I sold my parent's house and rolled the funds into refinancing my house. Yes, I began a refi a month and a half after the deaths. . . . . (again more paperwork!)
I am still working full time so I have been busy there (which has been a good thing) but as it all dies down I will admit that loneliness is now creeping in. OK, I have felt lonely for awhile now. Long story short 55 years old and I have never lived alone, ever. So THIS is a new experience. But like everything else I will analyze what I am feeling and adapt to it. I WILL BE OK!
I did go to E-harmony just to learn how it works and how much it costs. I did not sign up but I did read about 'safe dating'. One of the tips listed on their site to possibly detect whether somebody is not being honest is if they say they are "Recently Widowed" you should steer clear <gasp!> I guess that counts me out . . . .
Anyway I thank my analytical side for taking over and doing the work while my emotional side kicked back and popped up only occasionally as it has healed. I dont know how I would have reacted if the event had been truly 'tragic'. Jim
Thank you Jim for taking the time to do the interview. You were realistic and honest about the burden of dementia at an early stage. No one understands if they haven't been through or are going through the agony of being fully responsible for a dementia patient with mid life dx. I understand your reaction to your life altering event and I must tell you that I agree. Just as each dementia patient is different so are each caregivers feelings different. I do hope you find happiness again.
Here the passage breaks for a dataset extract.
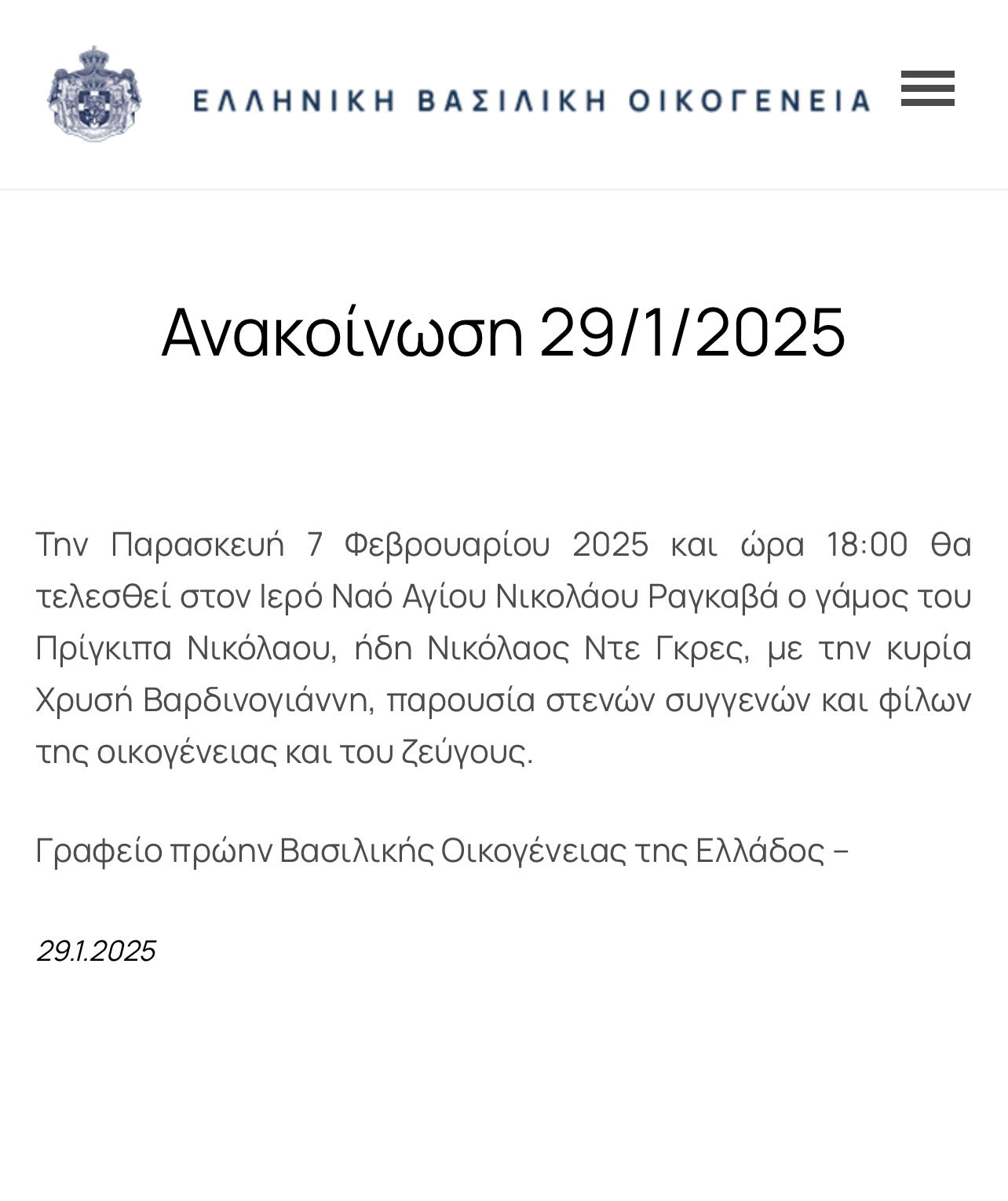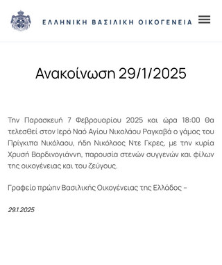Αναλυτικά, η ανακοίνωση του γραφείου Τύπου αναφέρει: «Την Παρασκευή 7 Φεβρουαρίου 2025 και ώρα 18.00 θα τελεσθεί στον Ιερό Ναό Αγίου Νικολάου Ραγκαβά ο γάμος του πρίγκιπα Νικόλαου, ήδη Νικόλαος Ντε Γκρες, με την κυρία Χρυσή Βαρδινογιάννη, παρουσία στενών συγγενών και φίλων της οικογένειας και του ζεύγους».

Jim, thanks again for your honesty an yes, bravery. I too keep you in my thoughts and hope you are doing the best given your unusual circumstances. I agree with bluedaze, it is an American tragedy and the public should be horrified that the stress of caregiving for someone with dementia and other chronic illness could result in 3 deaths.
Jim I know and respect your belief that your father did it with love. Only you could truly know your dad's intentions.
I too tell anyone nearby that when my husband acts out in pubic (like he did yesterday) that he has dementia and the behaviors are part of the disease. They seem surprised. They think it's only memory loss.
Thank you Jim for getting the message out and yes when ever possible I try to teach about this disease as other members here do but you start to talk and you can see the person's eyes glaze over and as soon as they can they change the subject or walk away. I'm afraid our society is such a ME society if it doesn't directly affect them then not interested.
I believe it has to start with the medical professionals. Until they get some insight into what happens to both the patient and caregiver, nothing is going to happen. Sure, we can do it one-on-one - but that isn't going to cut it. We all need good advice, good help and compassion from the moment (or before) of DX. Until that happens, not much will change. Just my opinion.